For instance, Haigh sees Warne as a cultural touchstone because of his association with Aust­ralian suburbia (unusually and refreshingly for an Australian public intellectual, Haigh likes the ’burbs). The insight is then married to a skill with the English language which is seldom bettered in Australia, even if there’s the odd moment when you feel Haigh might have swallowed the dictionary.

Haigh is a touch disingenuous about the dist­inction between Warne the man and Warne the cricketer. Having excused Warne’s serial marital betrayals in ways that will surely risk the ire of female readers, Haigh brushes the whole explanation off by saying that his argument is mere speculation, since he doesn’t really know Warne, and that anyway, “I only wished to watch him play cricket”. But if that’s so, why go to such lengths to defend Warne for his rooting and sledging? Haigh bemoans modern society’s tendency to find excuses for its own misbehaviour, yet he seems to do just that for Warne’s bone-headed behaviour towards opponents, women and bookmakers, and for his flirtation with diuretics, which led to a one-year ban for drug use.

Occasionally you feel as if Haigh himself has doubts about applying his talents to a mere game. At the close of On Warne he writes slightly defensively that, “by several rigorous measures, [cricket] may even be judged quite trivial”. But he reassures himself that being “the best at something that there has ever been” is no trivial matter. If that is true of sport itself, it could also be said of writing about it. Haigh might have cited the philosopher Roger Scruton, who wrote that “the surplus of interest in the world which spills over into sport is the mark of rational beings, who are satisfied with supremely useless things”.

So Haigh is not wasting his talent. It would be an act of snobbery (towards Warne) and philistinism (towards cricket) to argue that the subject of Haigh’s book is unequal to its author. Warne the player and Warne the public phenomenon are both worthy of serious scrutiny, as Haigh’s short book proves conclusively. But what On Warne also suggests is that cricket may not be a big enough subject to do justice to Haigh’s talent. On Warne is so good and yet promises so much more that it tempts a thought: somewhere inside Gideon Haigh, is there a truly defining book about Australia? Perhaps it is a history or a deep social critique. Would a twenty-first-century answer to Donald Horne’s The Lucky Country be out of his reach?

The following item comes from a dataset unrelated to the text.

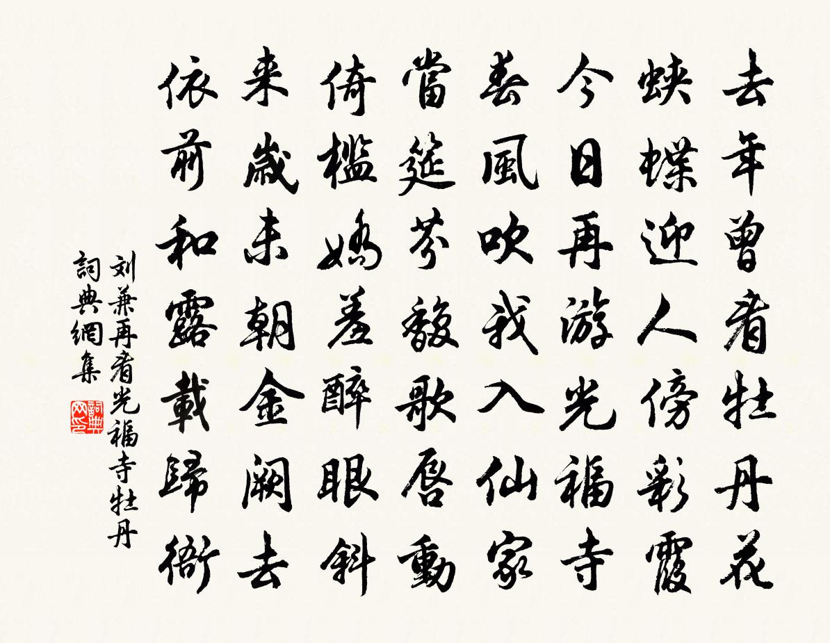 詩詞名句歷史字典書法欣賞書法字典國語詞典說文解字康熙字典古漢語字典標 題 作 者 詩 句 再看光福寺牡丹作者:劉兼 朝代:唐代再看光福寺牡丹原文去年曾看牡丹花,蛺蝶迎人傍彩霞。今日再游光福寺,春風吹我入仙家。當筵芬馥歌唇動,倚檻嬌羞醉眼斜。來歲未朝金闕去,依前和露載歸衙。詩詞問答問:再看光福寺牡丹的作者是誰?答:劉兼問:再看光福寺牡丹寫於哪個朝代?答:唐代問:再看光福寺牡丹是什麼體裁?答:七律劉兼再看光福寺牡丹書法欣賞再看光福寺牡丹書法作品注釋全唐詩:卷766-57詩詞推薦送陳幾叟南歸楊時〔宋代〕幾年夢想到親闈,身逐行雲萬里飛。苕水未殊沂上樂,春風無負舞雩歸。某敬采民言成六韻為安撫閣老尚書壽伏幸過目張栻〔宋代〕清坐鈴齋公事稀,春來風日更遲遲。胸中水鏡渠自避,卻笑缿筒徒徒爾為。題蘭陵稅官清輝亭李處權〔宋代〕不謂人間世,官居有此清。山橫猶倒影,鳥過忽遺聲。倦客方躭句,高人不治名。夜寒雲去書,對面月華生。留別山中溫古上人兄並示舍弟縉王維〔唐代〕解薜登天朝。去師偶時(一作將)哲。豈惟山中人。兼負松上月。宿昔同游止。致身雲霞末。開軒臨潁陽。臥視飛胡笳十八拍第十六拍劉商〔唐代〕去時只覺天蒼蒼,歸日始知胡地長。重陰白日落何處,秋雁所向應南方。平沙四顧自迷惑,遠近悠悠隨雁行。征途鵲橋仙(鄉守趙計院生日)劉克莊〔宋代〕蒲鞭漸弛,缿筒漸少,安用知他簾外。從今也莫察淵魚,做到不忍欺田地。四民香火,五營笳吹,來獻一杯壽水。李固渡范成大〔宋代〕洪河萬里界中州,倒卷銀潢聒地流。列弩燔梁那可渡?向來天數亦人謀!池上別友人釋文珦〔宋代〕今朝攜手處,高榭俯風漪。正爾俱衰暮,寧堪又別離。柳長深映馬,荷弱未勝龜。它日遙相憶,還應話此時。偈頌七十六首釋師觀〔宋代〕我有一轉語,歷劫常如此。迥絕無人和,聚頭相共舉。玉樓春歐陽修〔宋代〕常憶洛陽風景媚。煙暖風和添酒味。鶯啼宴席似留人,花出牆頭如有意。別來已隔千山翠。望斷危樓斜日墜。關心寄湯伯紀侍郎二首劉克莊〔宋代〕仗下鳴曾驚眾聽,省中語不願人傳。騷留屈子芳菲在,史視胡公糞土然。士到後凋方見節,世除勇退別無仙。遙知此夕劉筠〔宋代〕南州石黛有遺妍,目極危梯月上弦。一水相忘空脈脈,雙金何路致拳拳。仙源日永桃無援,客館春輕柳未眠。欲寫徐成之園亭三詠竹徑桃花孔武仲〔宋代〕闢地不盈畝,點綴成阻修。相招竹林逸,更作桃源游。綽約新飲露,琅玕曾倚秋。春風盪人意,此境獨清幽。湖南江西道中十首劉克莊〔宋代〕派里人人有集開,競師山谷友誠齋。只饒白下騎驢叟,不敢勾牽入社來。良佐留別詩頗悽惋次韻敘閒居之樂以釋之二首陶夢桂〔宋代〕困人天氣晝沉沉,飯罷茶甌盡放深。笑領故人游竹洞,因尋詩句到梅林。已教兒去將詩寫,又喚孫來把酒斟。行樂予以甲寅冬過弋陽石橋戊辰正月重過陳杰〔宋代〕周行淮漢萬山川,重此經過十五年。野老眉間新世事,蹇驢背上舊吟鞭。幾分春色梅花後,一片歸心杜宇前。深谷和帥座勸農三首趙善括〔宋代〕指日追鋒數驛亭,論恩便合對丹屏。行看功業欣天地,陳跡俱堪入汗青。李伯紀丞相輓詩趙令衿〔宋代〕鯨路心猶望,龍門跡已荒。樓成上霄漢,書擬奏明光。賤子無賢譽,先生獨薦揚。凜然生氣在,誰謂哲人亡。病中上錢尚父羅隱〔唐代〕左腳方行右臂攣,每慚名跡污賓筵。縱饒吳土容衰病,爭奈燕台費料錢。藜杖已乾難更把,竹輿雖在不堪懸。深恩中書遇雨錢起〔唐代〕濟旱惟宸慮,為霖即上台。雲銜七曜起,雨拂九門來。綸閣飛絲度,龍渠激霤回。色翻池上藻,香裛鼎前杯。湘燕名句推薦寢興目存形,遺音猶在耳。潘安《悼亡詩三首》 歲歲金河復玉關,朝朝馬策與刀環。柳中庸《征人怨 / 征怨》 腸斷月明紅豆蔻,月似當時,人似當時否?納蘭性德《鬢雲松令·枕函香》 最愛東山晴後雪,軟紅光里涌銀山。楊萬里《最愛東山晴後雪》 霖雨泥我塗,流潦浩縱橫。曹植《贈白馬王彪·並序》 向來吟秀句,不覺已鳴鴉。韓翃《酬程延秋夜即事見贈》 天秋木葉下,月冷莎雞悲。李白《秋思》 桑之未落,其葉沃若。佚名《氓》 世有無妄之福,又有無妄之禍。劉向《戰國策·楚四·楚考烈王無子》 唯天下至誠,為能盡其性;能盡其性,則能盡人之性。子思《中庸·第二十二章》

Should such a book never materialise, Haigh’s admirers will have no cause to complain. It is better to turn out a masterpiece about a trivial subject than to write a trivial book about a weighty one. So if Haigh does nothing but produce more volumes of the quality of On Warne, we will still be in his debt. But Haigh’s list of publications is already so richly varied—at the age of twenty he wrote a history of BHP, later a volume on James Hardie Corporation, and last year an illustrated doorstop of a book called The Office: A Hardworking History—that we know he is no specialist player but a true all-rounder. We now await the book that confers upon him Sobers-like stature in the history of Australian letters.

Sam Roggeveen is a Fellow at the Lowy Institute for International Policy.